Scientists use the Pan-Cancer dataset to study how structural variations in the genome can lead to cancer
Using the dataset from the Pan-Cancer project, a team including EMBL scientists has developed methods to group, classify, and describe structural variants – large rearrangements of the genome that are a key driver of cancer. Their findings could help to improve cancer diagnosis and therapy.
The Pan-Cancer project
The Pan-Cancer Analysis of Whole Genomes project is a collaboration involving more than 1300 scientists and clinicians from 37 countries. It involved analysis of more than 2600 genomes of 38 different tumour types, creating a huge resource of primary cancer genomes. This was the starting point for 16 working groups to study multiple aspects of cancer development, causation, progression, and classification.
Structural variations in genomes can arise from deleting, amplifying, or reordering genomic segments ranging from a few thousand letters of the genetic code to whole chromosomes. These variations have previously been difficult to classify and catalogue due to the complex mechanisms of their formation. Jan Korbel, group leader at EMBL and one of the initiators and coordinators of the Pan-Cancer project, explains: “In this study we have uncovered and classified different ways by which the cancer genome can rearrange. We performed the first detailed classification of structure variation mechanisms in cancer genomes.” The researchers uncovered several new processes that can lead to cancer, for instance a complex process in which some fractions of the genome are duplicated more than once. This can lead to cancer genes becoming active, because they are copied in high number and then brought to a region in which they can be switched on.
Linking events to mutations
“Most previous studies have been conducted on the coding 1–2% of the genome,” says Joachim Weischenfeldt, group leader in the Biotech Research & Innovation Centre in Copenhagen and a former postdoc in EMBL’s Korbel group. “Structural variations have been largely ignored, because most of them are situated in the non-coding part of the genome and are much more complex to comprehend.”
Along with colleagues Weischenfeldt developed methods to identify structural variants and the mechanisms of their formation by performing a whole genome sequencing analysis on the Pan-Cancer data. “This paper is one of the first ones to systematically classify very complex types of structural variants that occur in cancer genomes and link them to mechanisms of formation,” says Weischenfeldt. “It now gives us a handle to distinguish the different types of structural variants that occur in cancer genomes. We can potentially use these as biomarkers in different cancers, because mutations in certain very potent driver genes give rise to specific types of structural variants.” Biomarkers are biological indicators, such as specific molecules or genetic sequences, that can be used to identify certain conditions – in this case cancer.
The paper moves researchers closer to answering some of the basic questions about cancer, as they can now explore the genetics behind genome rearrangements. Complex events can be linked back to a specific mutation, which is very important for better diagnosis of patients. The catalogue can be used both for prognosis and therapy.
A new therapeutic tool
Weischenfeldt explains that this sort of analysis is already being implemented as a clinical tool to identify mutation signatures; combinations of mutations with a characteristic pattern. During his current work at the Biotech Research & Innovation Centre in Copenhagen, Weischenfeldt is applying these analysis methods to understand the genetics of cancer patients and to devise better and more tailored treatment options. “We have a programme in which patients can get precision medicine based on genomic findings. The classification method that will be published in this paper will be an important part of our toolbox,” he says.

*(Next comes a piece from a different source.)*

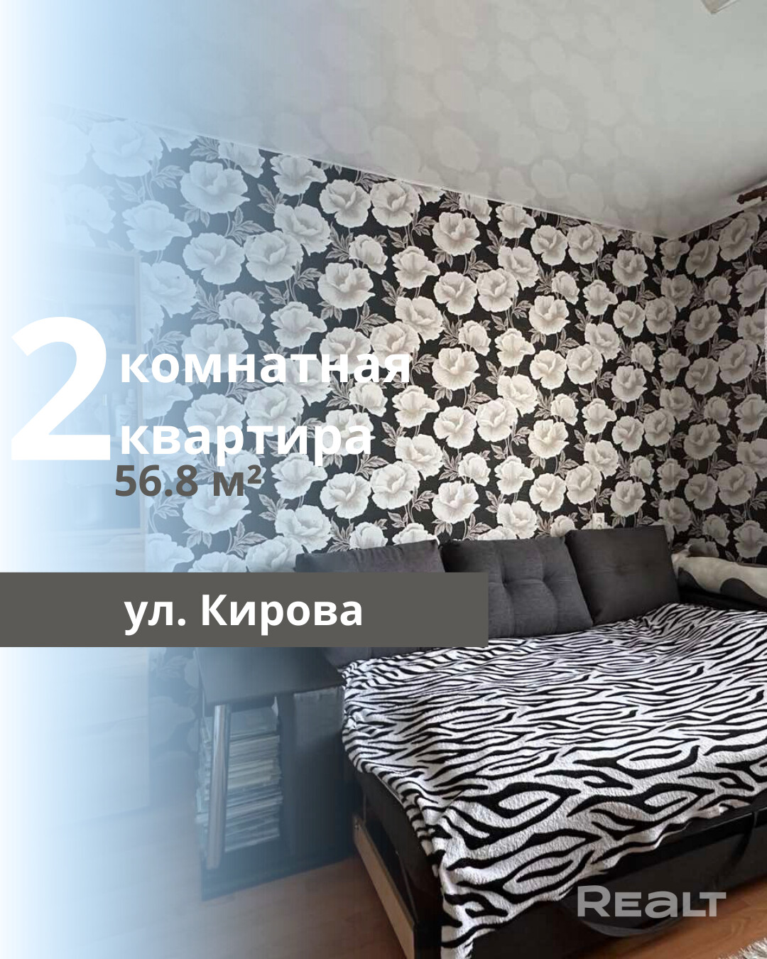 Продается двухкомнатная квартира в городе Жабинка, расположенная по улице Кирова. Общая площадь квартиры составляет 56,8 квадратных метра, из которых жилая площадь — 30 м2 , а кухня занимает 9,1 м2. Квартира находится на втором этаже четырехэтажного панельного дома, построенного в 1986 году. Помещение находится в аккуратном жилом состоянии и включает две изолированные комнаты, кухню, раздельный санузел и застекленную лоджию. Входная дверь металлическая, а межкомнатные двери выполнены из массива дерева. Окна в спальне и на кухне заменены на ПВХ, в гостиной установлено деревянное окно. Потолки оформлены натяжными покрытиями или окрашены, стены оклеены обоями. На полу в комнатах уложен ламинат, в коридоре и кухне — линолеум, а в санузле — плитка. При продаже остается кухонный гарнитур и два шкафа в коридоре; остальная мебель может быть оставлена по предварительной договоренности. Квартира расположена в районе с развитой инфраструктурой. В пяти минутах ходьбы находятся детский сад, школа, поликлиника, больница, супермаркет "Санта", различные торговые точки, банк, почта, кафе, аптека и пункт выдачи товаров Wildberries. Отличное транспортное сообщение с Брестом обеспечивается маршрутками и городским автобусом № 77 Жабинка - Брест, остановка которых расположена всего в 100 метрах от дома.

Weischenfeldt explains that working on the Pan-Cancer project has trained him and many of his colleagues in handling and analysing large and complex datasets to identify recurrent and biologically relevant patterns. “There weren’t a lot of these methods when we started. We had to come up with new, reproducible research methods to analyse the genetic information we had,” he says. “That was a huge challenge, but also an extremely exciting one. That’s why we do research.”
Korbel adds that following up on the research presented in this paper will also be very interesting to EMBL scientists. “For us, a very important next step is to identify the molecular cause of all these separate processes,” says Korbel.